= REQUIRED ACTION =
Further down are entries; set down exactly and only the lines from the one with "Automatically deliver Active" up to and including the one with "In a peaceful", dropping each picture.

= RECORDS PROVIDED =
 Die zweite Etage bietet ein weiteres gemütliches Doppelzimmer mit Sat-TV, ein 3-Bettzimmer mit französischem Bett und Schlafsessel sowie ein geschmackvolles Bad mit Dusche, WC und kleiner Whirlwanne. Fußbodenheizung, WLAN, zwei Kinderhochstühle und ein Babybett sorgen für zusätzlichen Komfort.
--
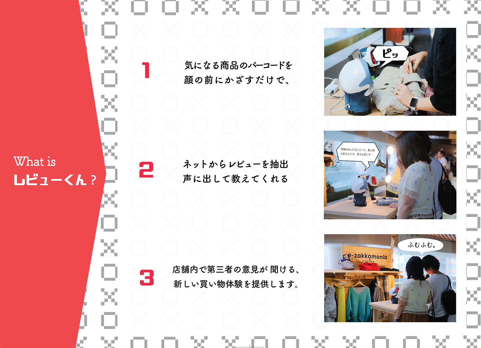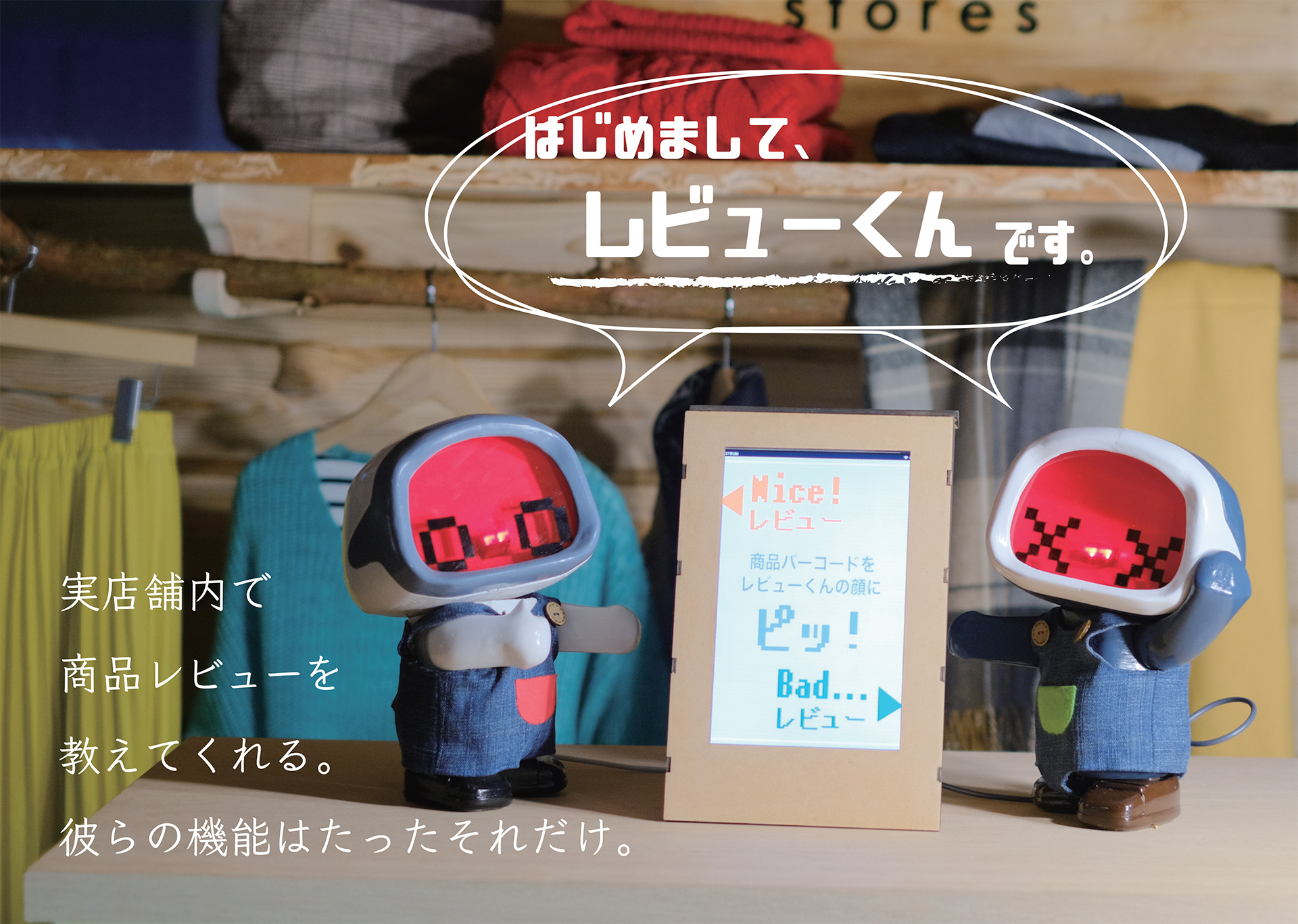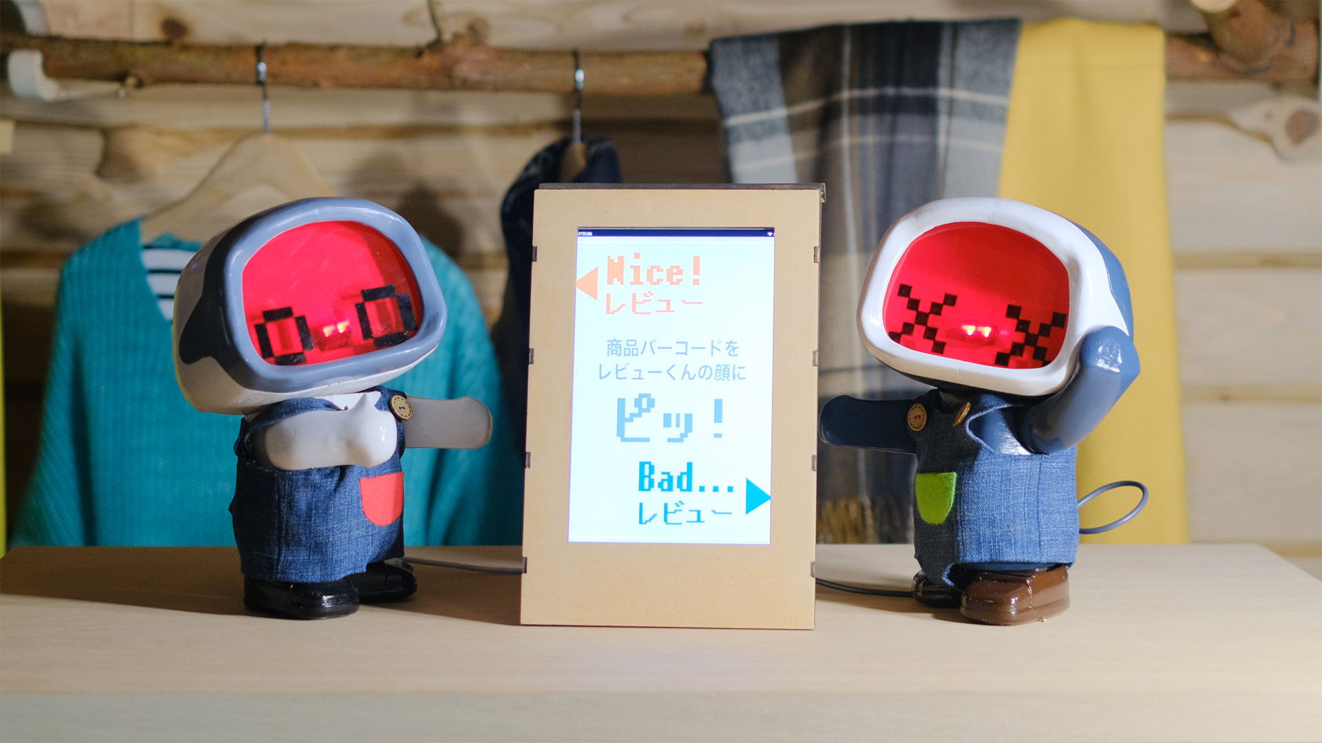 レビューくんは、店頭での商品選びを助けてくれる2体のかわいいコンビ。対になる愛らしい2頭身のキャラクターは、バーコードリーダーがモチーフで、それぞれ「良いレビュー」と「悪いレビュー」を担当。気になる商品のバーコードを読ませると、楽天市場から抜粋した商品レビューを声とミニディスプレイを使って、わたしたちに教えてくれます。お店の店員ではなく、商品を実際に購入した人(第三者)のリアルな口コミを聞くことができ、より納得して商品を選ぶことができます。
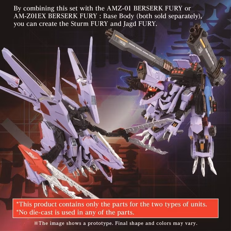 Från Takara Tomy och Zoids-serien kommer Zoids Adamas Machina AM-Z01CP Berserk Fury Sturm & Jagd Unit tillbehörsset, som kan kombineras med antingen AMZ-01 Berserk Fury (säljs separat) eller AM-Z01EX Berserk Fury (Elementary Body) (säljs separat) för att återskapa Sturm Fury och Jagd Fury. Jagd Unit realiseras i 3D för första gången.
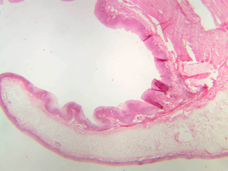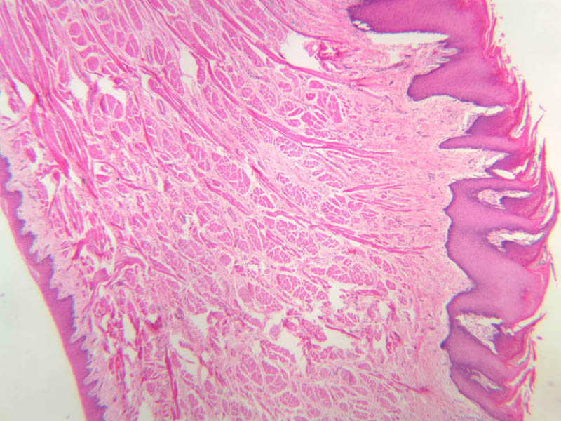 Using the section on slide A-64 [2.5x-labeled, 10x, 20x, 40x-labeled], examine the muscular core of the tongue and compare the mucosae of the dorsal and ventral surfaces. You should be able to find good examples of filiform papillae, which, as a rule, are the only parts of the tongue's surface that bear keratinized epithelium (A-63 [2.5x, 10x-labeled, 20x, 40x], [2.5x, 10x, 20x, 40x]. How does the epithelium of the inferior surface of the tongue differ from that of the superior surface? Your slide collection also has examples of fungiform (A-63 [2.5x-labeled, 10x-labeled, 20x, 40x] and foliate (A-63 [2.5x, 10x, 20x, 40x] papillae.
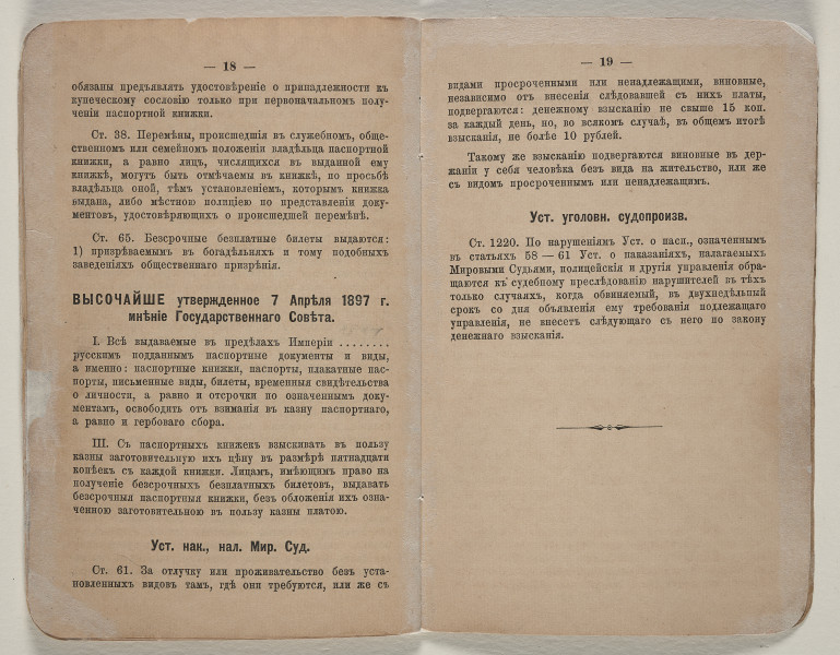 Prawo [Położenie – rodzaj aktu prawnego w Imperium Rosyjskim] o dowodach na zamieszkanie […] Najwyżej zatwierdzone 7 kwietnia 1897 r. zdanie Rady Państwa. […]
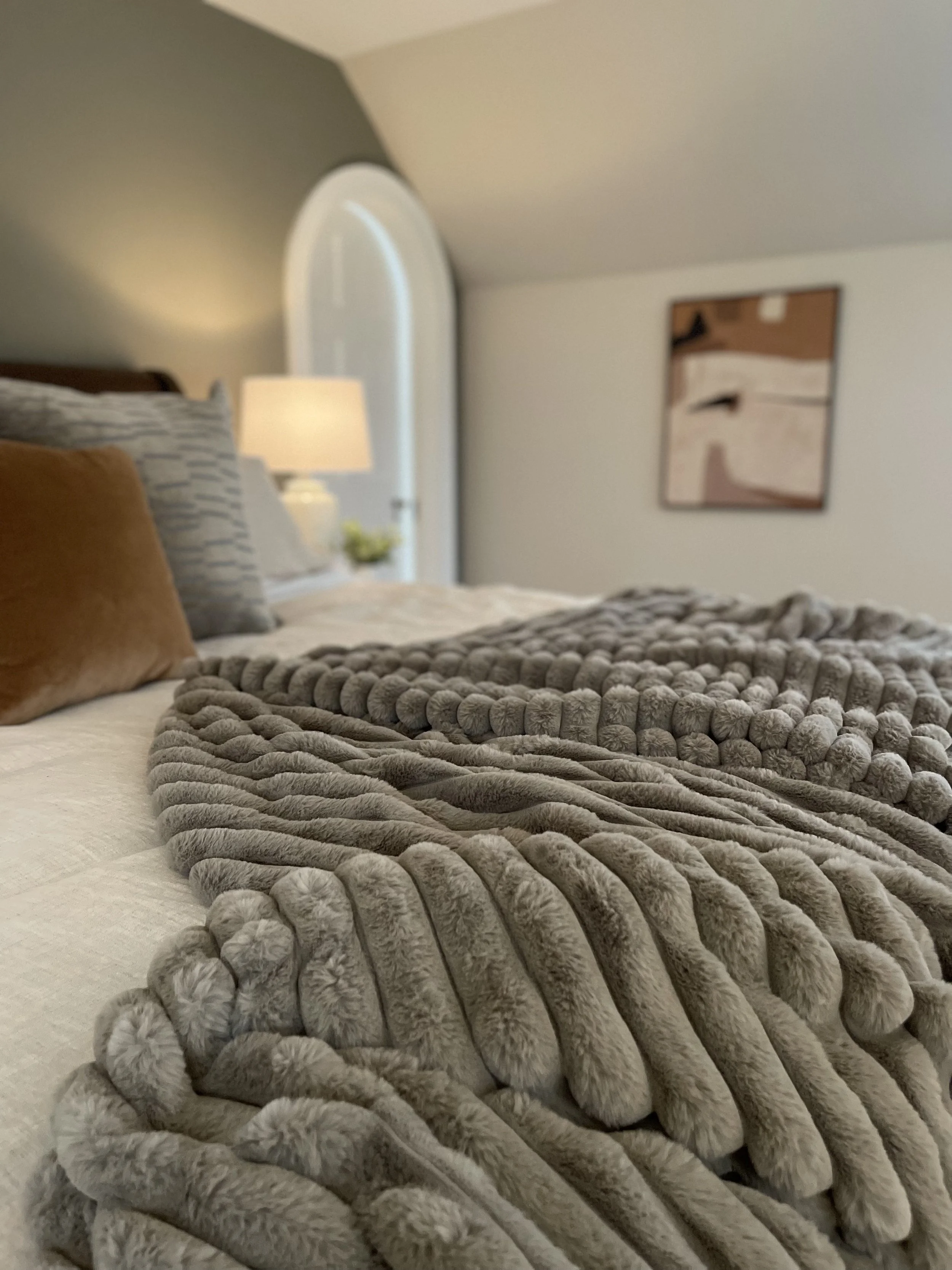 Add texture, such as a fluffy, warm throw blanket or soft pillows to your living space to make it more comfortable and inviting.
* * *
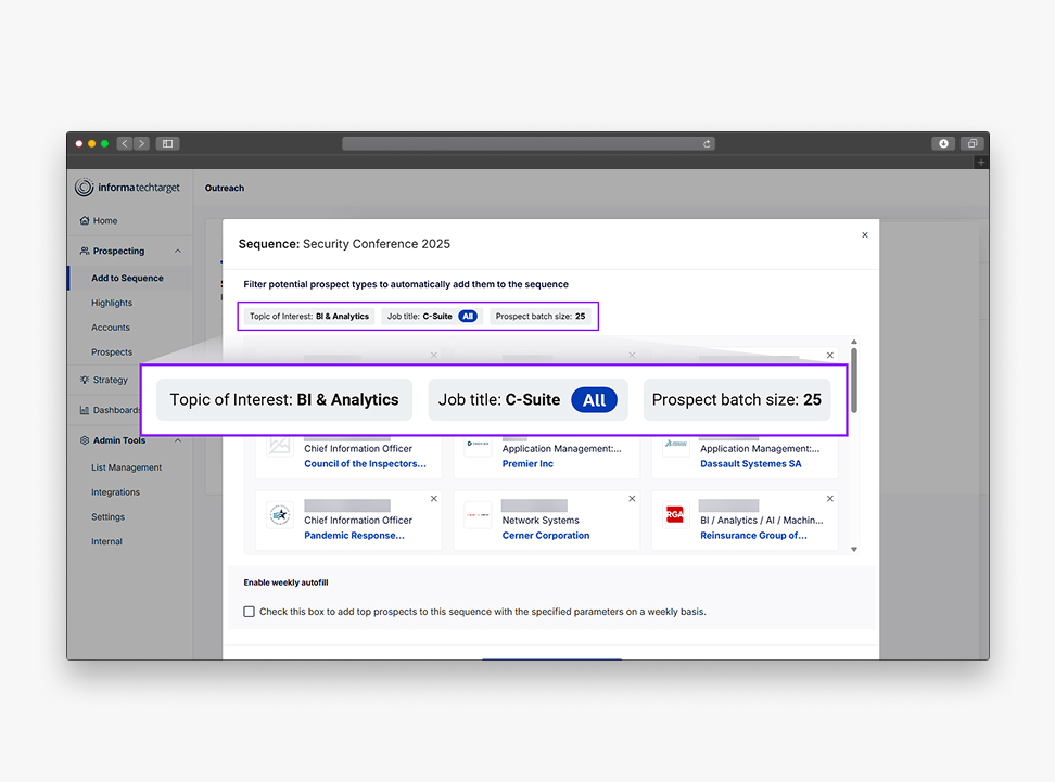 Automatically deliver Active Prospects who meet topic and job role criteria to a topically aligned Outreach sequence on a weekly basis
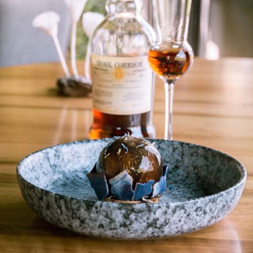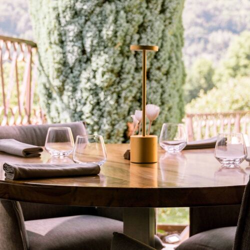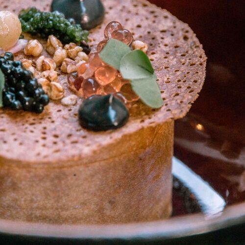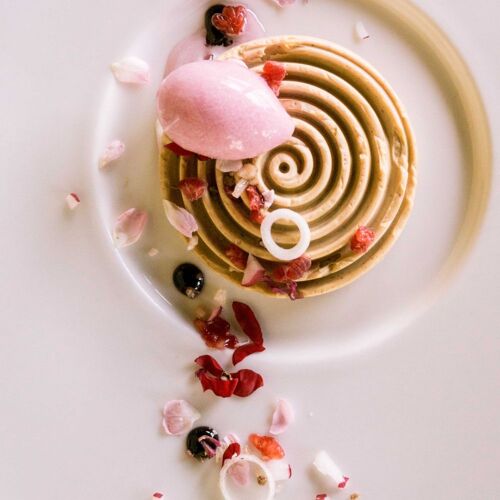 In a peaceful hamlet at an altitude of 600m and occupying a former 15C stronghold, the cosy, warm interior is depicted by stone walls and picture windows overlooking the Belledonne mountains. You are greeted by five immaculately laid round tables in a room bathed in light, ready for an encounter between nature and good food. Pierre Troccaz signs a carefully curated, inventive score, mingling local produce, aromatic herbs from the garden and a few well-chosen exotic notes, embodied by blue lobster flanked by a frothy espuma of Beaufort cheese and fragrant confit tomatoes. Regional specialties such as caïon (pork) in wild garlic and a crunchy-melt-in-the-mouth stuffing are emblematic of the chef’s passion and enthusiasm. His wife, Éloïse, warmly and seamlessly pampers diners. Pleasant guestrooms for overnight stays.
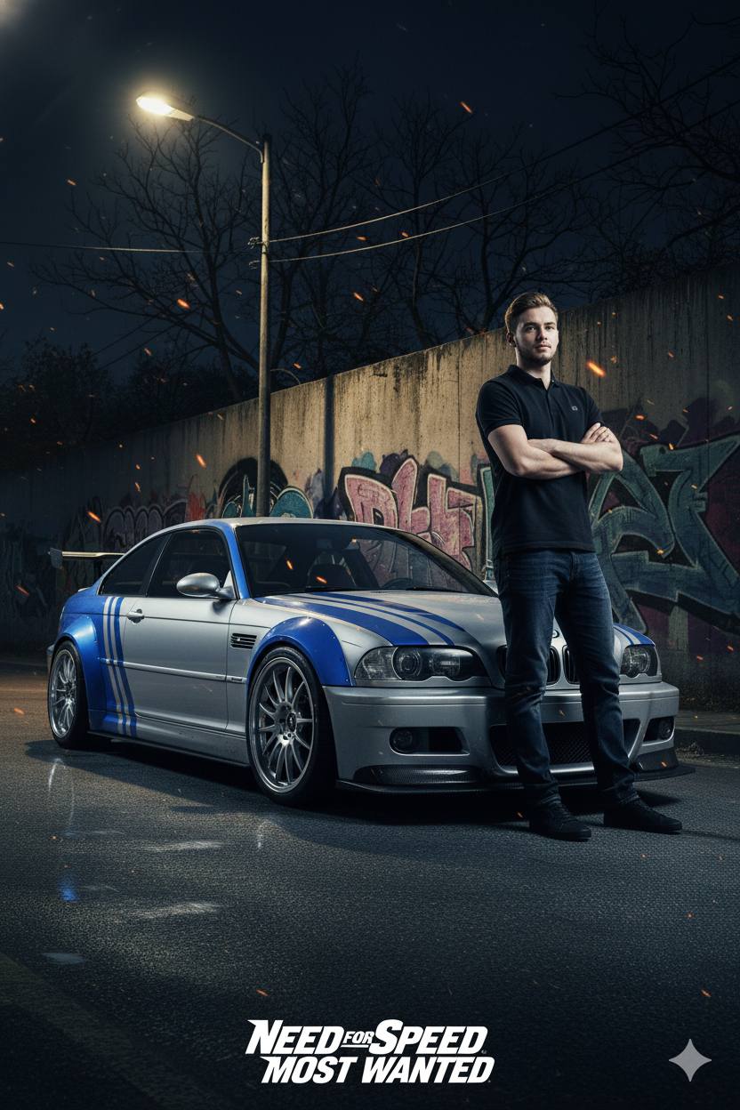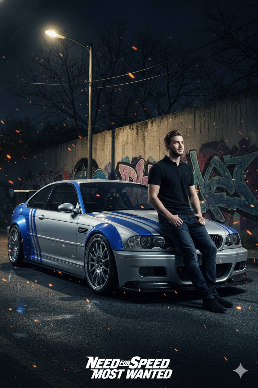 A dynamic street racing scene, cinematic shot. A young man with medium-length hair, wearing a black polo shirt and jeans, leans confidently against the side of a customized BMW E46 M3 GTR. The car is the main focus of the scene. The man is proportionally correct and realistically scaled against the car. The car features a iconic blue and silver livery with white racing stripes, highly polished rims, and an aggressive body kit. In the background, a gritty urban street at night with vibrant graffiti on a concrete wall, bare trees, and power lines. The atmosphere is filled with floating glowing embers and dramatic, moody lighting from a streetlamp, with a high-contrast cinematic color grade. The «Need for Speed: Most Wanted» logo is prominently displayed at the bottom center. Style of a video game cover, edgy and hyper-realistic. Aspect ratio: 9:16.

= EXERCISE OUTPUT =
 Automatically deliver Active Prospects who meet topic and job role criteria to a topically aligned Outreach sequence on a weekly basis
 In a peaceful hamlet at an altitude of 600m and occupying a former 15C stronghold, the cosy, warm interior is depicted by stone walls and picture windows overlooking the Belledonne mountains. You are greeted by five immaculately laid round tables in a room bathed in light, ready for an encounter between nature and good food. Pierre Troccaz signs a carefully curated, inventive score, mingling local produce, aromatic herbs from the garden and a few well-chosen exotic notes, embodied by blue lobster flanked by a frothy espuma of Beaufort cheese and fragrant confit tomatoes. Regional specialties such as caïon (pork) in wild garlic and a crunchy-melt-in-the-mouth stuffing are emblematic of the chef’s passion and enthusiasm. His wife, Éloïse, warmly and seamlessly pampers diners. Pleasant guestrooms for overnight stays.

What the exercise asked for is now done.